First Axl inhibitor enters clinical trials (original) (raw)

Axl and Mer are both members of the TAM receptor family, which also includes Tyro3, a kinase that is particularly abundant in the brain. All three are activated by a common ligand, Growth Arrest–specific protein 6 (Gas6), and they ordinarily play an embryonic developmental role in cell survival, migration and differentiation. High levels of Axl expression have been correlated with poor survival in many types of cancer, including breast cancer (Proc. Natl. Acad. Sci. USA 107, 1124–1129, 2010), acute myeloid leukemia (Amer. Soc. Hematol. Annual Meeting, San Diego 2011), glioblastoma multiforme (Clin. Cancer Res. 14, 130–138, 2008) and osteosarcoma (Biochem. Biophys. Res. Commun. 435, 493–500, 2013). In addition, activation of Axl kinase has been identified as one mechanism by which lung cancers can develop resistance to therapies targeting EGFR, such as Tarceva (erlotinib) (Nat. Genet. 44, 852–60, 2012).

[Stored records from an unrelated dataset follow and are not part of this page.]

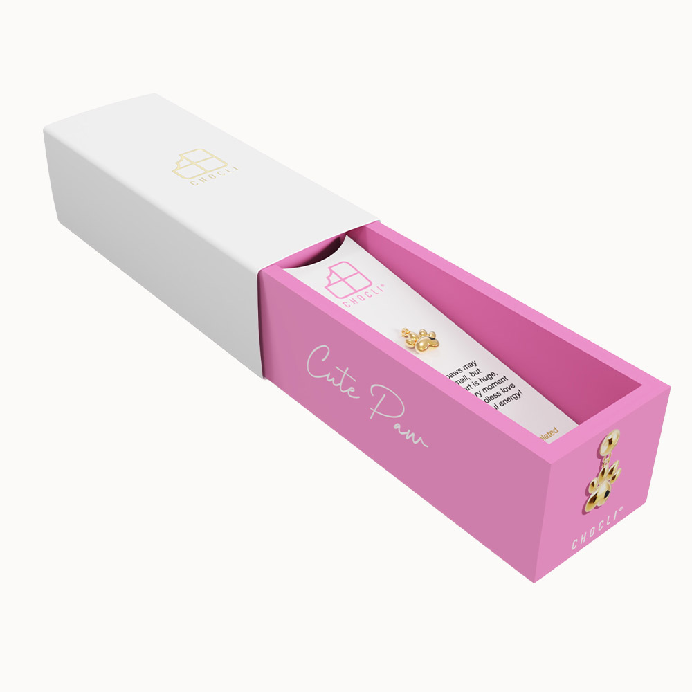 Packaging: Colored jewelry box + white sleeve with gold foil logo
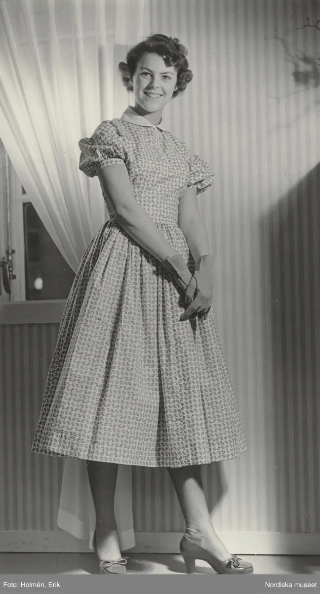 Tonårsmode visas i Kungsträdgården. Modell i roséröd klänning med puffärmar och handskar vid ett fönster. Tonnie-modellen. 63 :-.
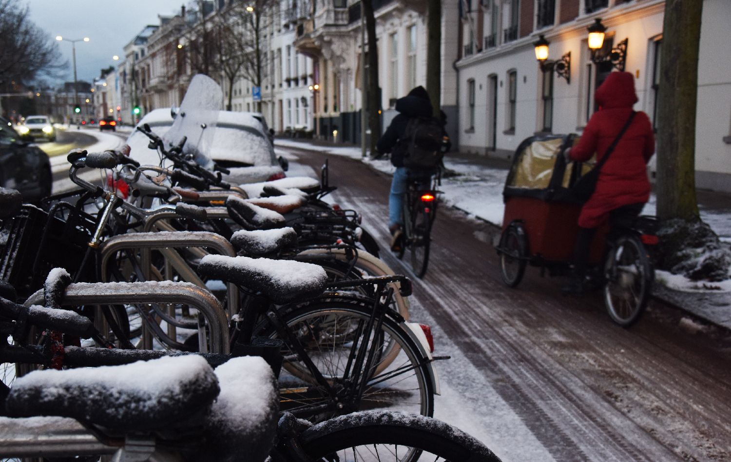1月6日,人们在荷兰海牙街头骑行。
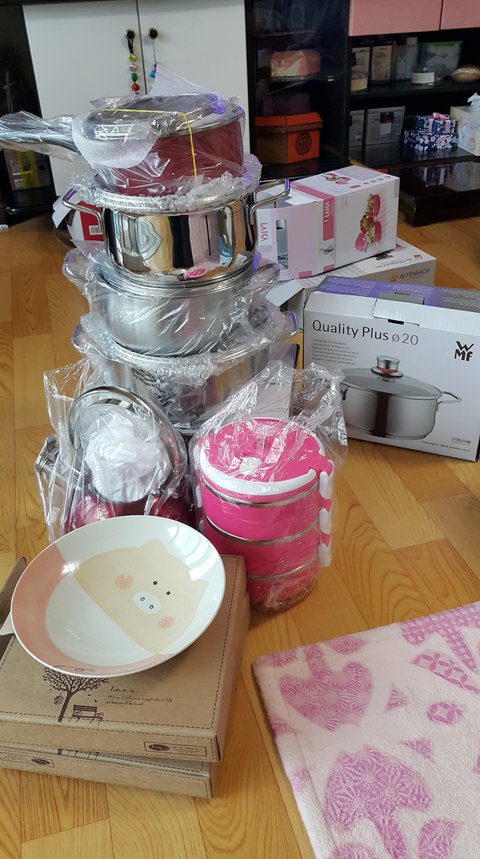 그 얘기 들으시더니 창고방에 있던 새 냄비들이며 반찬통까지 싹 꺼내주시더라구요.
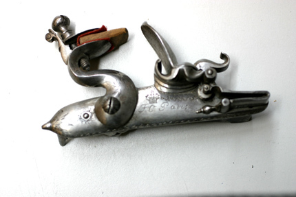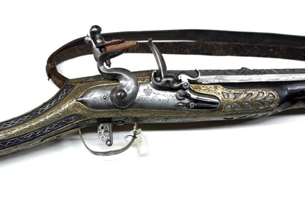 Flintlåsbössa, av grekisk typ, pipa signerad F.a C.o Paris Torchio, Brescia, lås F. C Paris, ca 1840.

BergenBio, of Bergen, Norway, gained a position in this area in 2011 by in-licensing BGB324 (formerly R428) from S. San Francisco, California–based Rigel Pharmaceuticals. BergenBio's co-founder and CSO Jim Lorens, who is also based at the University of Bergen, was previously at Rigel. His research has demonstrated that an epithelial-to-mesenchymal transition (EMT)—a developmental process that can be exploited by tumor cells—upregulates Axl kinase expression in breast cancer, and that this is an essential step for cancer metastasis and progression. “It makes the cells very resistant to a hostile microenvironment,” says BergenBio's CEO, Richard Godfrey. Moreover, Axl kinase and Gas6 then form a positive-feedback loop, which maintains the mesenchymal phenotype. An additional, emerging line of evidence suggests that the EMT process may also stimulate the formation of cancer stem cells, although Godfrey notes the cancer stem cell concept remains controversial. “They're certainly cancer-seeding or cancer-propagating cells,” he says.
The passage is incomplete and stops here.